Precision was determined through various parameters such as method and system repeatability, intermediate precision, and reproducibility. The system repeatability was evaluated with three ZnPT standard solutions of different concentrations (0.2%, 0.8%, and 1.4%), and method repeatability was evaluated with three shampoo samples. Intermediate precision was evaluated with the results of two analysts in two different days and reproducibility with the results in two laboratories. Results were estimated by calculating the relative standard deviation (RSD%) for each parameter.

2.3.5. Accuracy

Accuracy was determined with three standard solutions of different concentrations, 0.2, 0.8, and 1.4 w/w %, of ZnPT, performing six trials per solution. Accuracy was reported as percent recovery and RSD% which were calculated globally for all concentration levels.

2.3.6. Robustness

Method robustness was evaluated with the experimental design of Youden–Steiner for five variables. Variables used for the complexometric titration were pH, sample weight, heating time, stirring time, and sample resting time. Variables used for the potentiometric titration were HCl volume, sample resting time, titrant addition rate, speed, and stirring time. Eight tests were performed in duplicate changing the conditions mentioned above.

3. Results and Discussion

3.1. Selectivity

The response obtained for solvent blank and placebo was the same, as well as for critical sample and enriched placebo, confirming that the components of the matrix did not interfere in the analysis. The shampoo sample under photolytic and thermolytic conditions did not produce reactions that could interfere with the ZnPT measurement.
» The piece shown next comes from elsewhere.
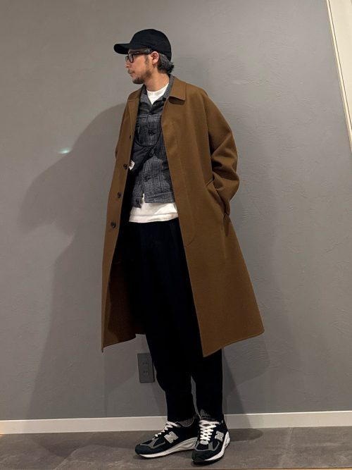 足元には黒のニューバランスを合わせ、程よくカジュアルダウンしているのが魅力。キャップや眼鏡といった小物を効果的に使い、こなれ感を演出しています。大人の余裕を感じさせる、バランスのよいコーディネートです。

However, under oxidative conditions, the analyte was not quantifiable for the potentiometric titration, as shown in Figure 1.

3.2. Linearity

Values of slope, intercept, and determination coefficient for the studied methods were calculated using the least squares method, and they are shown in Table 1 altogether with t values. Analysis of variance results (ANOVA) confirmed proportionality between the concentration and volume variables, since the F-calculate value is greater than F established in tables. In addition, Student’s t-test results confirmed a significant linear correlation given that t-calculate is greater than t established in the table, which can be verified with the determination coefficient (>0.99).

3.3. Sensitivity

LOD and LOQ values were calculated for the system and method of both titrations, obtaining data shown in Table 1, where values were lower for the potentiometric titration. LOQ accuracy was determined as percentage of recovery, generating values among 98% and 101% for the potentiometric and complexometric titrations, these values comply with the limits established for volumetric methods (95–105%) [28]. Additionally, Student’s t-test results confirmed that no significant difference was found between the recovery percentage values obtained and the theoretical 100%; therefore, the LOQ was accurate in all cases.

3.4. Precision

Precision is generally expressed as the RSD% of a series of measurements and expresses conformity or nonconformity regarding the proximity between multiple measurements under specific conditions [27]. RSD% values for repeatability, reproducibility, and intermediate precision were less than 1.0% for the potentiometric and complexometric titration, as shown in Table 2. The values of RSD% were below the limit stipulated according to the Association of Official Analytical Chemists (<5%) [28]; therefore, no significant difference was observed in results of multiple measurements, indicating that both methods are precise and reproducible.

3.5. Accuracy

The average recovery of the analytical methodologies was within the limits stipulated for volumetric methods (95–105%) for the active ingredient, as shown in Table 2. The t calculated (0.44, complexometric titration and 0.14, potentiometric titration) for the methodologies when compared to the t in the table confirmed no statistically significant difference with the value of the average recovery obtained and 100% theoretical; thus, the methodologies were accurate.

3.6. Robustness

To determine the robustness of the method, the response obtained by slightly changing the experimental conditions of pH, temperature, stirring time, standing time, and sample weight was evaluated. Effect of these variations was calculated for the two methodologies using the Youden–Steiner formulas and compared with the critical values of 0.0022 and 0.0038 for the potentiometric and complexometric titration [29, 30], as shown in Table 3. The critical value was calculated using equation S √2, where S is the standard deviation found in the repeatability of the methods. For the potentiometric titration, all values were less than the critical value; therefore, changes in conditions do not significantly affect the method response. For the complexometric titration, the change in the temperature and resting time conditions of the sample differed from the expected responses, suggesting that this methodology was less robust than the potentiometric titration.

4. Conclusions

Two simple and practical methods for the quantitative determination of ZnPT in cosmetic products were validated according to USP and ICH guidelines. Validated methods are specific, precise, exact, and linear in the range of concentrations studied. The sensitivity of both methods is adequate, allowing to confidently evaluate the ZnPT content in shampoo samples according to the concentrations established by the FDA. Furthermore, these two methodologies do not require complex sample preparation which makes them suitable techniques for the quality assurance of any shampoo to guarantee the consumer’s well being.

Data Availability

The data used to support the findings of this study are available from the corresponding author upon request.

Conflicts of Interest

The authors declare that there are no conflicts of interest regarding the publication of this paper.

Acknowledgments

The authors wish to thank the innovation and development area of the company Belstar S. A for the concern shown and the financial support provided for the development and verification of analysis methodologies that allowed evaluating the quality and safety of products for consumer welfare.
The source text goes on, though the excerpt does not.